Heterochromatic histone modifications in wildtype flies
We investigated the genomic distribution of two histone marks that are associated with heterochromatin formation, H3K9me2 and H3K9me3 [19]. If the Y chromosome indeed acts as a sink for components of the heterochromatin machinery, we expect global differences in the enrichment patterns of heterochromatic histone modifications across strains with different numbers of Y chromosomes, or more generally, across flies with different amounts of repetitive DNA (see Figure 1A).
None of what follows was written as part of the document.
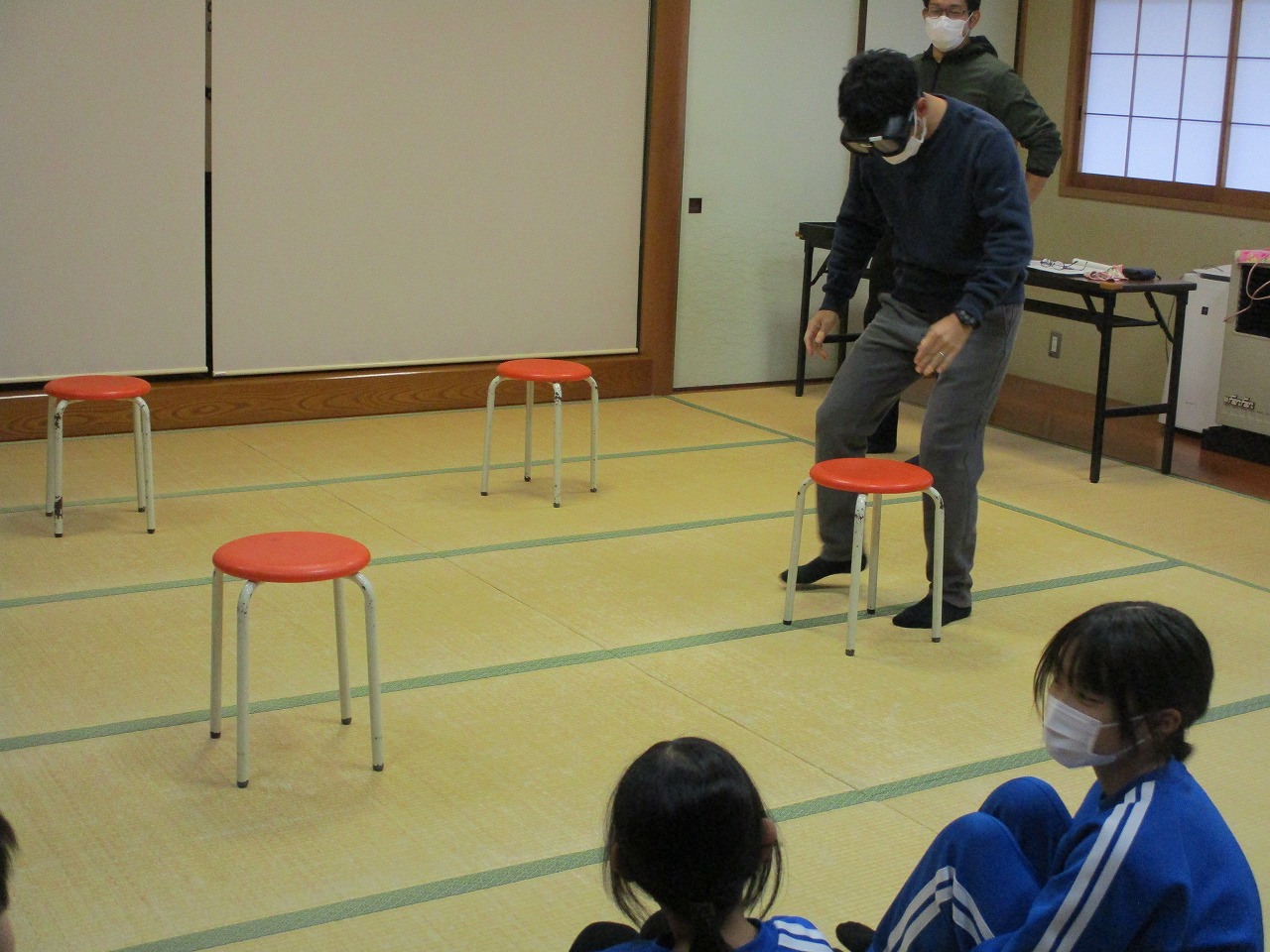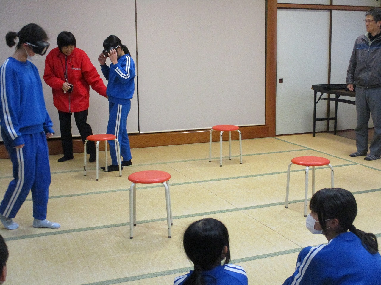 担任の先生も体験させていただきましたが、同じように(子ども以上に)よろめいていました。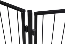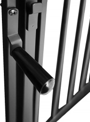 Įrengimas greitas ir patikimas dėl montavimo į sieną (tvirtinimo elementai pridedami). Varteliai tarpusavyje suderinami – galima praplėsti erdvę sujungus du komplektus ir taip sukurti didesnę apsauginę zoną. Patvari juoda apdaila tinka tiek moderniems, tiek klasikiniams interjerams.

In wildtype Drosophila, heterochromatin is highly enriched in pericentromeric regions, the small dot chromosome, and along the entire length of the Y chromosome [1, 6, 20]. Note that the D. melanogaster Y chromosome is estimated to be about 40Mb (i.e. 20% of the haploid male genome; [1, 5]), but its assembled size is only 3.7Mb; thus our genome mapping analysis will underestimate the extent of heterochromatic histone modifications that are associated with the repetitive Y chromosome.
Overall, we find that levels of heterochromatin enrichment are similar for the H3K9me2 and H3K9me3 marks, but differ between flies with varying amount of repetitive DNA (Figure 3, 4). The male-specific Y chromosome is highly enriched for both of these repressive histone modifications in wildtype males, and we find that wildtype females have slightly higher levels of H3K9me2/3 enrichment than males in their pericentromeric regions, and on the dot chromosome, relative to euchromatic background levels (Figure 3, 4). Moreover, the heterochromatin / euchromatin boundary is slightly less clearly discernable from H3K9me2/3 enrichment patterns for males relative to females (Figure 5, Figure S3-S5). Western blots suggest that males harbor slightly more H3K9me2/3 compared to females (Figure S2). Thus, we find strong enrichment of the heterochromatic histone modifications on the Y and their relative deficiency at pericentromeric regions on autosomes and the X in wildtype males relative to females, despite similar amounts of overall H3K9me2/3. This observation is consistent with the hypothesis that the repeat-rich Y chromosome acts as a sink for components of the heterochromatic machinery, resulting in a relative paucity of heterochromatic histone modifications elsewhere in the genome. However, despite quantitative differences in levels of heterochromatic histone modifications, overall patterns of H3K9me2/3 enrichment are similar between sexes.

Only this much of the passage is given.